By PAUL LASTER, March 2023
A sculptor working with readymade objects, David Baskin transforms appropriated commodities by repurposing the original while altering its intended meaning and use. Cleverly commenting on consumer culture, the Cooper Union grad had his solo show debut at New York’s SculptureCenter in 1999 and has been featured in engaging exhibitions at Marianne Boesky Gallery, Carolina Nitsch, Carriage Trade, Flag Art Foundation, Brooklyn Museum and Freight+Volume over the years. The Brooklyn-based artist recently sat down to discuss his current solo show, STORE-BOUGHT at Freight+Volume, in the context of his broader body of captivating sculptural works.
Paul Laster: What first led you down the conceptual art rabbit hole?
David Baskin: Well, I really don’t think of myself as a conceptual artist or my work as conceptual art per se.
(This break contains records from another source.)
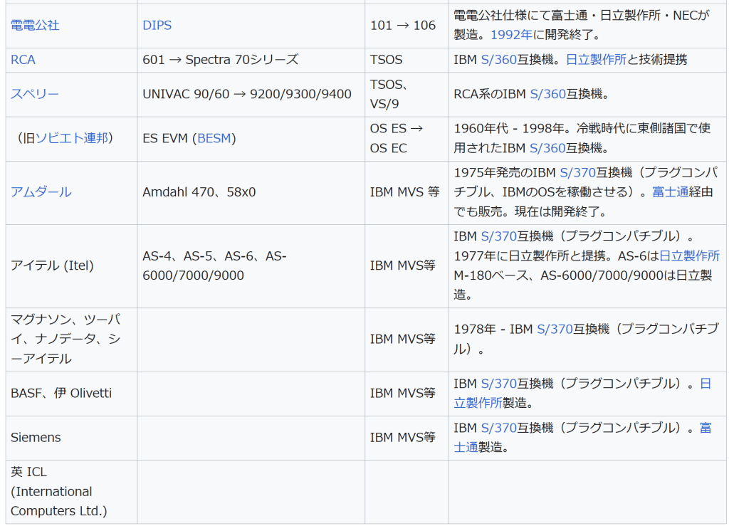 BASF、伊 Olivetti IBM MVS等 IBM S/370互換機(プラグコンパチブル)。日立製作所製造。 Siemens IBM MVS等 IBM S/370互換機(プラグコンパチブル)。富士通製造。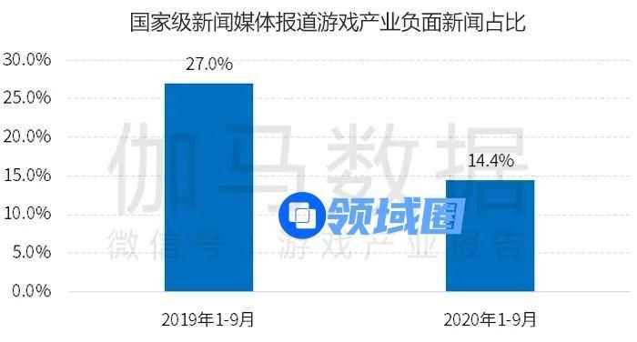 伽马数据(微信号:游戏产业报告)发布的《2020中国游戏产业品牌报告》显示:2020年1-9月国家级新闻媒体对游戏产业的报道中,负面新闻占比为14.4%,相比于2019年1-9月负面新闻占比明显下降,这也说明游戏产业整体的品牌建设状况向好。
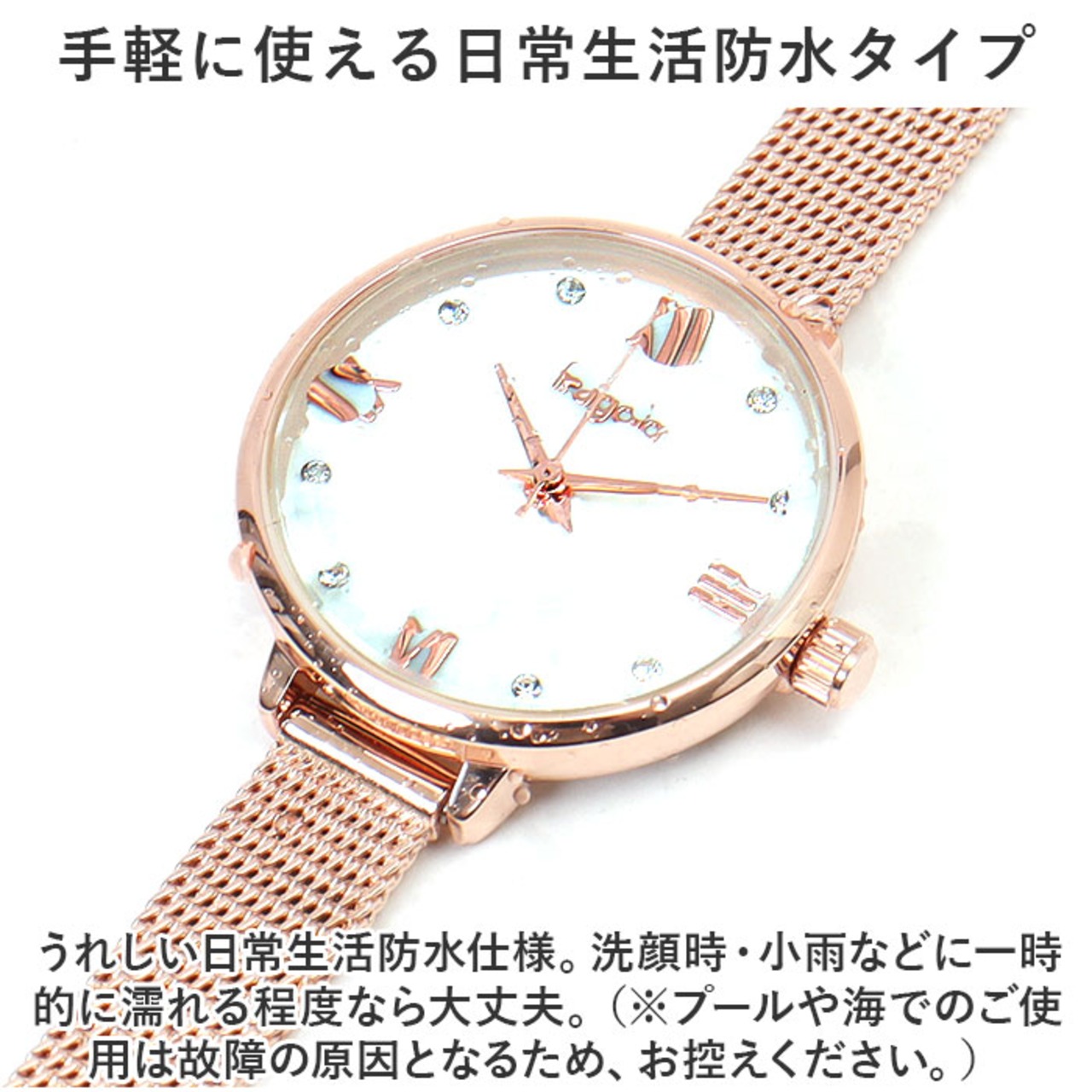 ・うれしい日常生活防水仕様。洗顔時・小雨などに一時的に濡れる程度なら大丈夫。(※プールや海でのご使用は故障の原因となるため、お控えください。)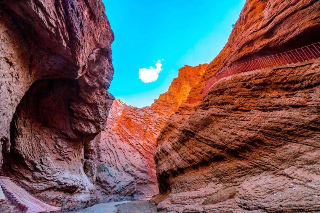 早餐后前往温宿大峡谷,它位于温宿县境内天山山脉中段南麓前山区博孜敦柯尔克孜 民族乡境内,大峡谷距温宿县城东北约 80 公里,总面积 200 平方公里。这里曾是通往南北天山古代驿路木扎特古道的必经之地,当地称之为"库都鲁克大峡谷",维吾尔语意为" 惊险,神秘"。是中国西部最美的丹霞地质奇景、中国最大的岩盐喀斯特地质胜景。进入景区,犹如进入了一片精美雄浑的自然画廊。峡谷中山壁岩层分布清晰,受挤压形成的褶皱,弯曲的线条十分清晰,断裂的岩石夹在山壁岩层中,在历经亿万年的风雨侵蚀后,形成了绝壁高耸、奇峰兀立、形态各异、嶙峋怪异、色彩浓烈、千姿百态、五彩纷呈的奇特景观。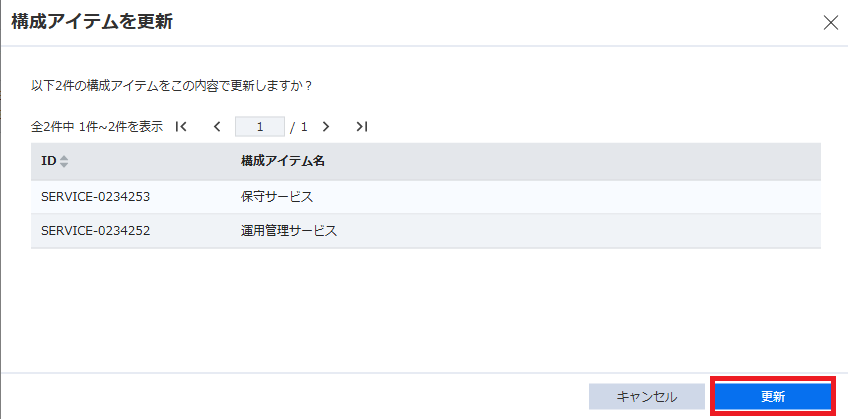 - 「構成アイテムを一括更新」をクリックし、構成アイテムの一括更新画面に遷移します。

At least not in the sense that the idea, or concept, behind the work is more important than the manifestation of that idea, as can be seen in work by artists like Joseph Kosuth, John Baldessari or Mel Ramsden, a member of the Art & Language artist collective. Rather, for me, the idea or concept dictates the outcome of my work and becomes an intrinsic part of the sculpture, installation or whatever I may be working on. For example, with my current show, STORE-BOUGHT at Freight + Volume Gallery, I purchased corporate produced generic art that is sold online through big box stores like Home Depot, and I felt it was important that every aspect of the project, from production to display, should reference consumer culture and the cultural codes embedded in the work.
PL: What attracted you to the readymade object as a point of departure for making art?
DB: My first experience thinking of commodities in terms of readymades came from considering their behavior as objects in retail spaces, whether they were boutique shops or large shopping malls. I started to see how designers and producers incorporated aesthetic strategies to sell products, especially on a formal level. Whether it was a vacuum cleaner that had a striking resemblance to Brancusi’s Bird in Space or seeing certain retail displays that, for me, recalled Dutch Golden Age vanitas paintings, where an abundance of commodities was shown in enticing arrangements.
PL: Has your primary interest always been sculpture and, if yes, why that medium for exploring ideas?
DB: As a student at Cooper Union, I studied both painting and sculpture. After graduating I continued to do both for many years, but it wasn’t until the early 2000’s that I became fully engaged with only sculpture. At that time, I was making very personal work by using vestiges or remnants from my family history. I found that by using actual objects, in this case artifacts; furniture and clothing, was a powerful means to express my ideas. And this process of incorporating or recontextualizing chosen objects or products in my work has continued to this day.
PL: Besides suspending your grandparents’ furniture as a sculptural installation, you also recast specific pieces of the furniture at life-size in plaster to transform them into non-functioning objects. Was this the beginning of your use of the casting process to transform everyday objects into works of art?
DB: Yes, this work was one of the first pieces that the mold making process was an essential conceptual component, and not just a technical consideration.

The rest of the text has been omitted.